◆ **Assignment**:
Without any pictures, print the lines below from the one that has "- Made of 100%" through the one that has "Another snowscape. |", exactly and nothing else.

◆ **Exercise data**:
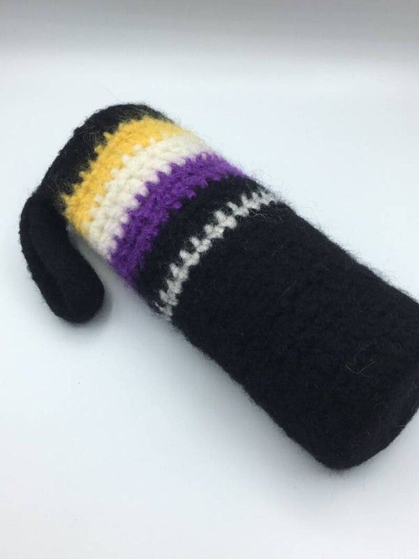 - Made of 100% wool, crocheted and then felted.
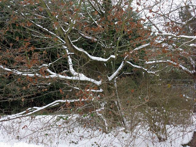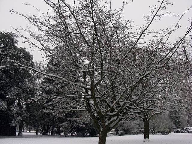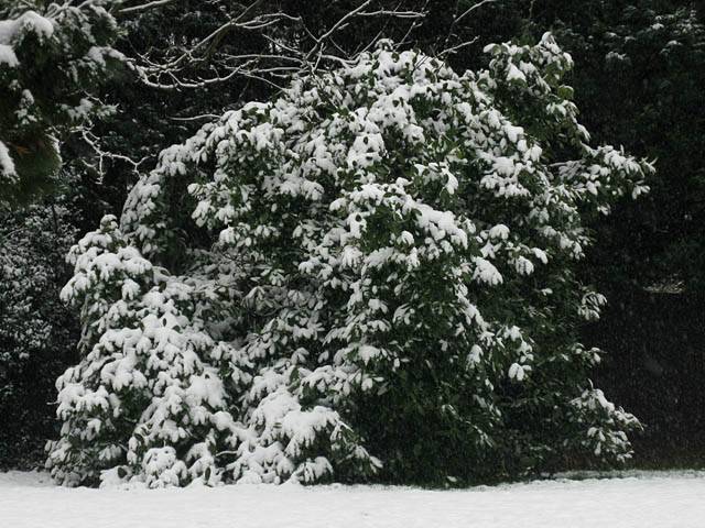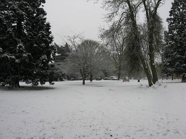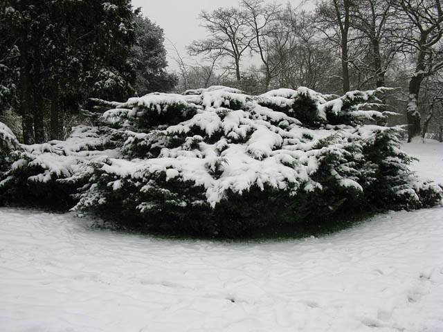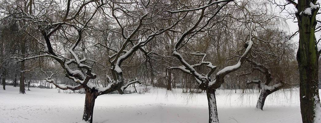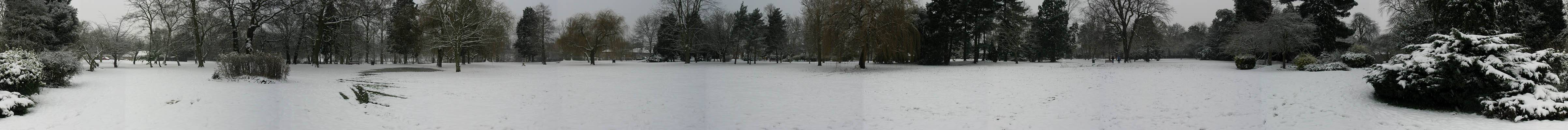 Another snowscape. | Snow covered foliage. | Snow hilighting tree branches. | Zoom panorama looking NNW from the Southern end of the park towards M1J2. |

==

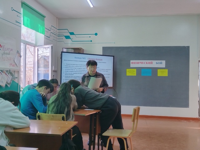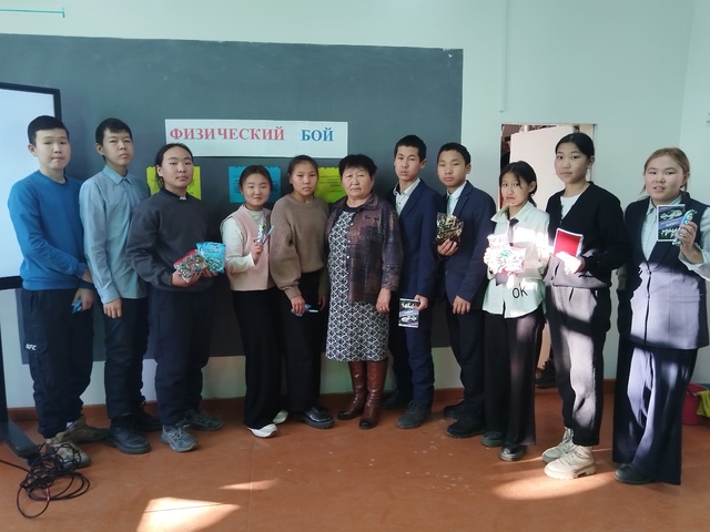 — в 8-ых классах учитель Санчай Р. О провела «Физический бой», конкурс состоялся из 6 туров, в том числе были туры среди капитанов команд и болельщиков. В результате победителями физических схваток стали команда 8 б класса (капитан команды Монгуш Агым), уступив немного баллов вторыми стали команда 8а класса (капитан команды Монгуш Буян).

◆ **Response to this task**:
 - Made of 100% wool, crocheted and then felted.
 Another snowscape. | Snow covered foliage. | Snow hilighting tree branches. | Zoom panorama looking NNW from the Southern end of the park towards M1J2. |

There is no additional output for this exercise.